◆ **Dataset section**:
══════════

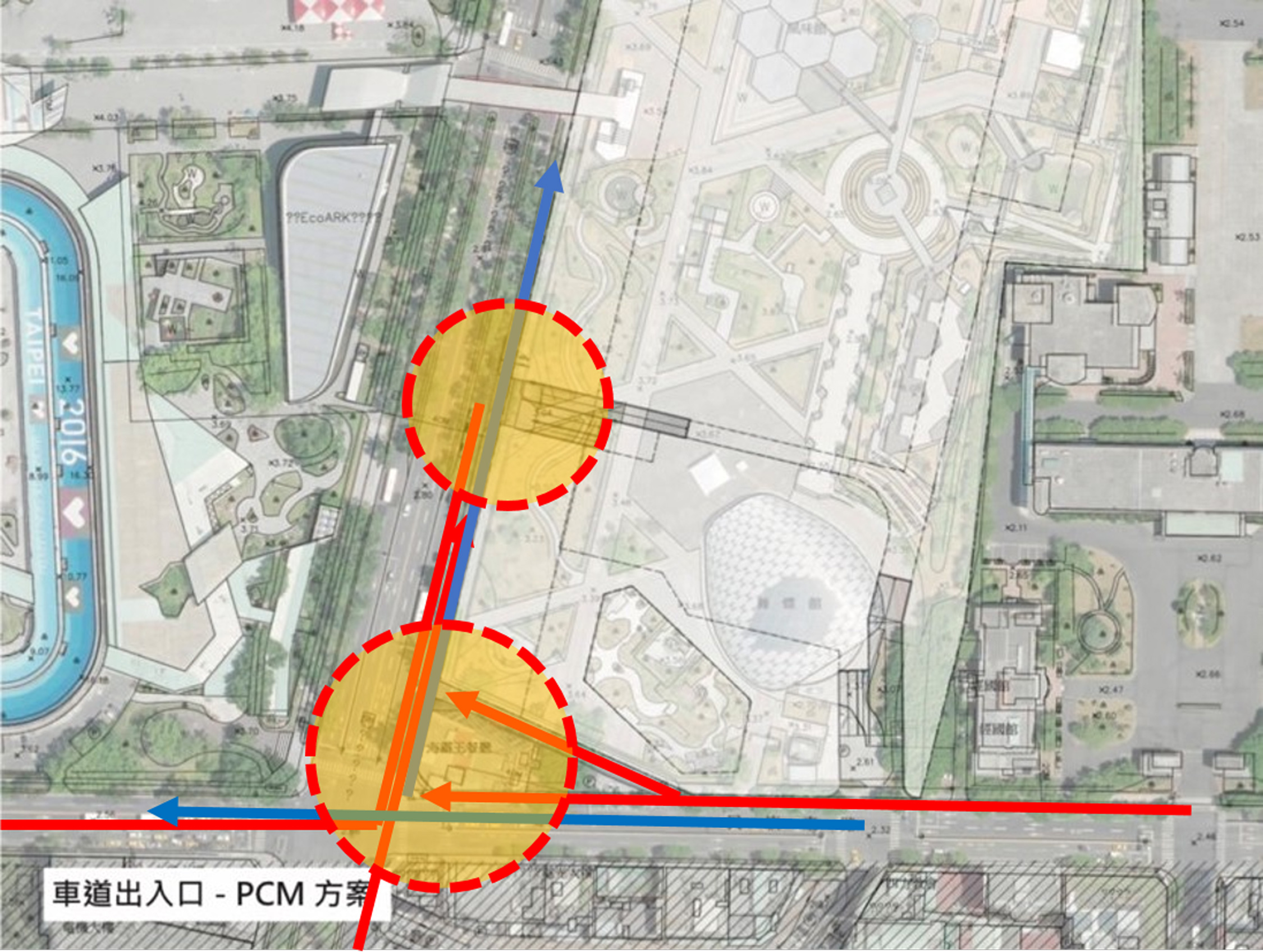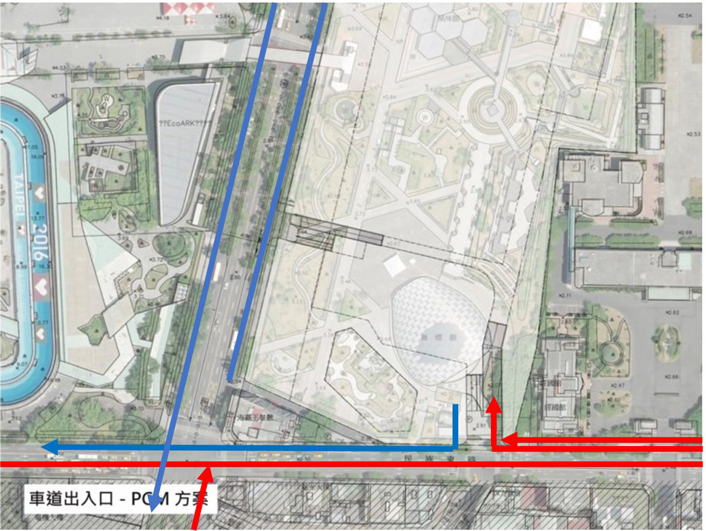 而離開停車場的車流動線,石隆盛也認為,不會和進場的車流交會,可以避免相互阻斷的問題發生。(如下圖)
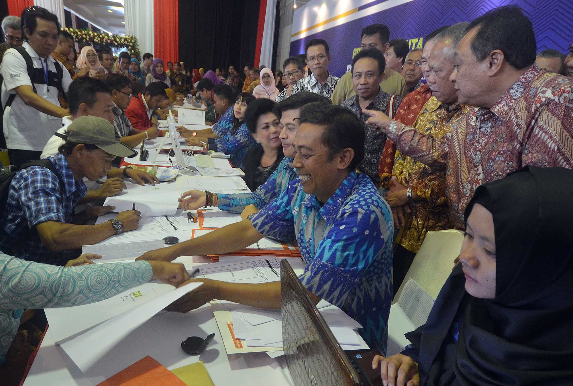 Menteri Pekerjaan Umum dan Perumahan Rakyat, Basuki Hadimuljono (belakang kiri) bersama Direktur Utama Bank BTN, Maryono (belakang kanan) menyaksikan akad kredit program sejuta rumah dari para calon pemilik rumah seusai pembukaan Indonesia Property Expo (IPEX) 2016 di,JCC, Senayan, Jakarta Sabtu (13/8). Kredit yang disalurkan BTN Tumbuh 18,39% dari Rp 126,125 triliun pada tahun 2015 menjadi Rp 149,316 triliun .Menyambut geliat permintaan akan rumah dalam negeri yang terus meninggi Bank BTN kembali menggelar IPEX 2016 yang dijadwalkan berlangsung dari tanggal 13 hingga 21 Agustus 2016 tersebut dengan didukung lebih dari 200 pengembang yang akan memamerkan lebih dari 700 proyek perumahan tersebar di seluruh Indonesia.
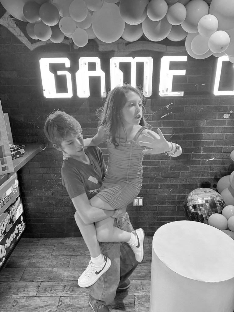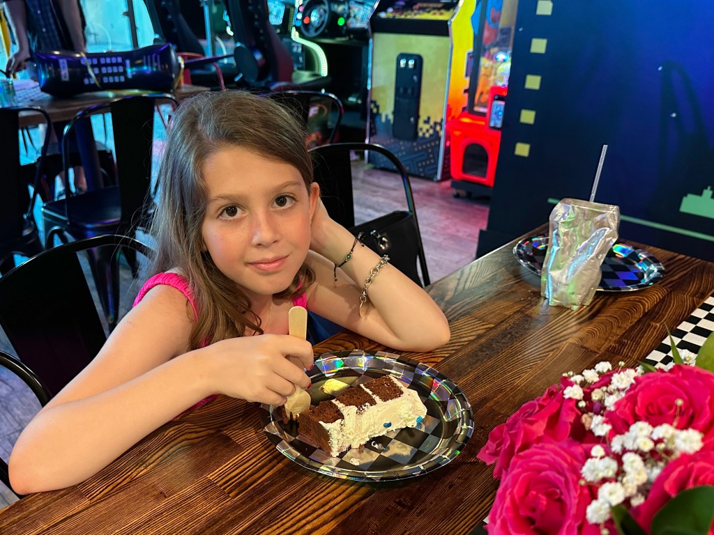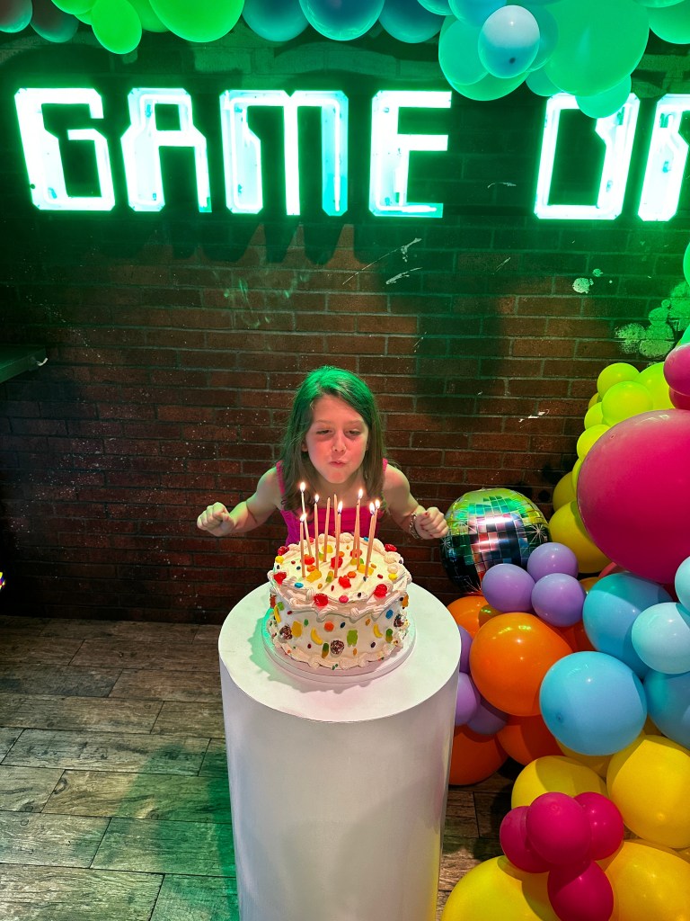 Lucile's party was held at an event space. It had tables and chairs, a bar/serving area, bathrooms, and about a zillion video and arcade games on two floors. Guests could just play all day - no coins or tokens needed. It was very fun for the guests. Lucile invited her family, friends and every kid (14) in her class at school. Parents were invited as well, so there were about 45 guests.

══════════

◆ **The task**: Give the material again exactly as it is, but keep the pictures out.

◆ **Answer space**:
 而離開停車場的車流動線,石隆盛也認為,不會和進場的車流交會,可以避免相互阻斷的問題發生。(如下圖)
 Menteri Pekerjaan Umum dan Perumahan Rakyat, Basuki Hadimuljono (belakang kiri) bersama Direktur Utama Bank BTN, Maryono (belakang kanan) menyaksikan akad kredit program sejuta rumah dari para calon pemilik rumah seusai pembukaan Indonesia Property Expo (IPEX) 2016 di,JCC, Senayan, Jakarta Sabtu (13/8). Kredit yang disalurkan BTN Tumbuh 18,39% dari Rp 126,125 triliun pada tahun 2015 menjadi Rp 149,316 triliun .Menyambut geliat permintaan akan rumah dalam negeri yang terus meninggi Bank BTN kembali menggelar IPEX 2016 yang dijadwalkan berlangsung dari tanggal 13 hingga 21 Agustus 2016 tersebut dengan didukung lebih dari 200 pengembang yang akan memamerkan lebih dari 700 proyek perumahan tersebar di seluruh Indonesia.
 Lucile's party was held at an event space. It had tables and chairs, a bar/serving area, bathrooms, and about a zillion video and arcade games on two floors. Guests could just play all day - no coins or tokens needed. It was very fun for the guests. Lucile invited her family, friends and every kid (14) in her class at school. Parents were invited as well, so there were about 45 guests.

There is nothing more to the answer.